I wouldn't say the NRA shooters were completely right but close.Modern lubes do cut down on the work required to clean,but they don't negate it.They were correct about the first shot after a cleaning being different,that's how it became known as a fouling shot.No matter what,there is residue left behind after patching the bore dry to shoot so that first shot burns it off.After that you're shooting to the potential of the barrel,and successive shots slowly dirty the bore causing accuracy to slowly diminish.The bore's material,finish,dimentions and ammo's material and dimentions all factor in if the bore gets trashed fast or not.I still believe in breaking in a new bore,but I don't obsess about it since I don't have a $400 barrel to shoot benchrest matches.If I do break in a barrel that doesn't instruct you how to,I shoot a few rounds of jacketed and swab it out,repeat a few times and then run 10 and clean.When a box of 50 is gone I just let it rip.If I intend on shooting lead I run 100 or so first to hopefully burnish down any flaws.

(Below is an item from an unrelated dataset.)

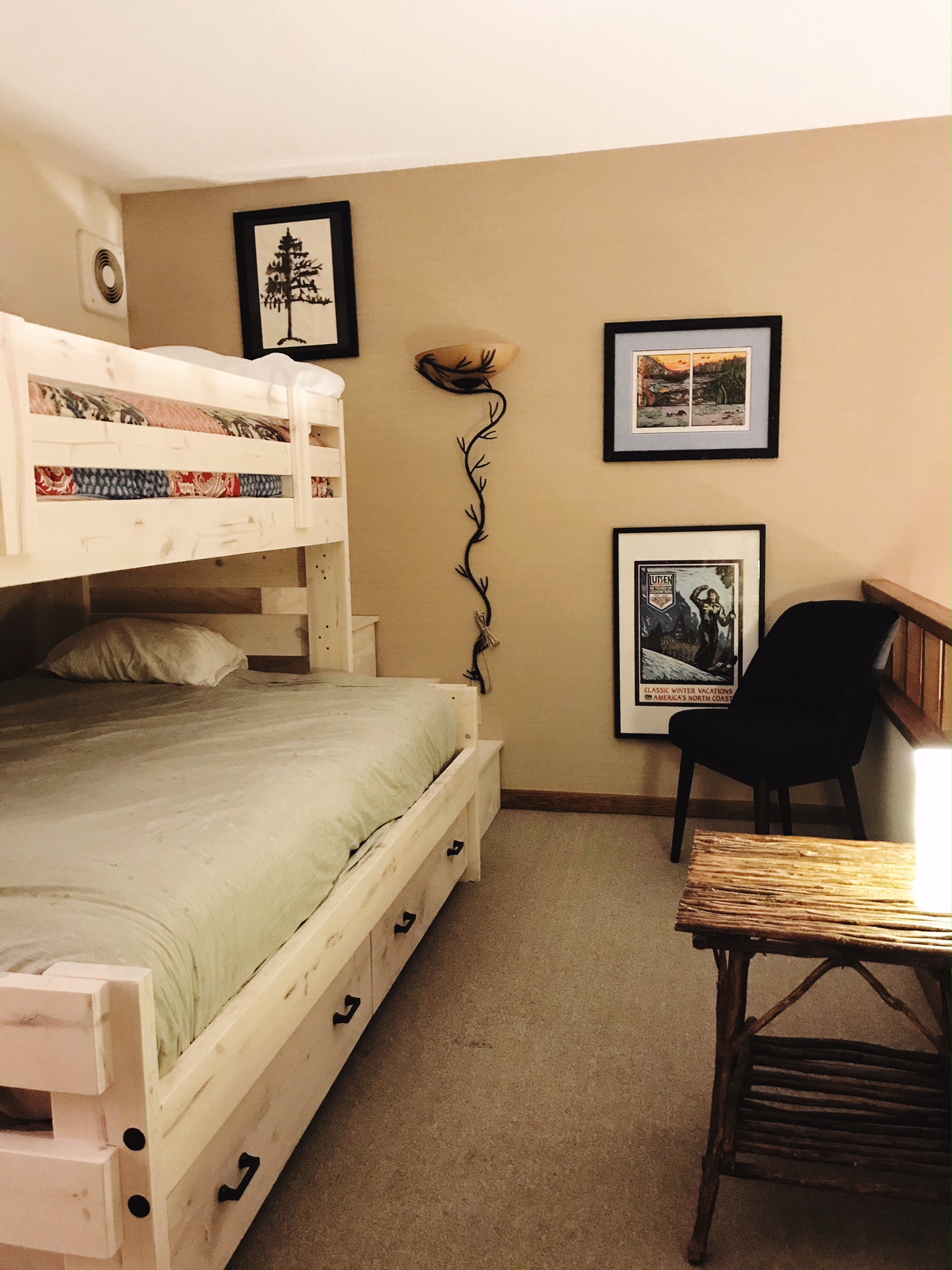 The loft features a sturdy bunk with ample room to slumber. The lower bed is a full size; the upper bed is a twin. December 1, 2017December 1, 2017 1512 × 2016 Caribou Highlands 142C at Lutsen – www.FromLutsenwithLove.com Like Loading...

A good bore and properly fit bullet won't foul out fast,but things aren't always ideal.Some of these shooting schools have you go 1K rounds without being able to clean it,that is what it should be able to handle easily for a combat weapon.


----------



## Steve M1911A1 (Feb 6, 2008)

I always used lead bullets, even in competition, so I did have to "get the lead out" every once in a while.
But my pistols were cleaned only just before actually participating in the match itself.
All my practice, thousands of rounds, was fired from an uncleaned gun.

I used six grains of 231, behind either a 230-grain RN, or a 200-grain SWC. (In practice, it's good to be able to see where your first shot went.)
Using bullets produced from Hensley & Gibbs molds, both shapes worked perfectly at the same RN-seater setting. No readjustment was necessary.

Six grains of 231 is a pretty strong load, and dirty, but it always worked, was sufficiently accurate, and it always moved the pendulum far enough to make "major caliber."


----------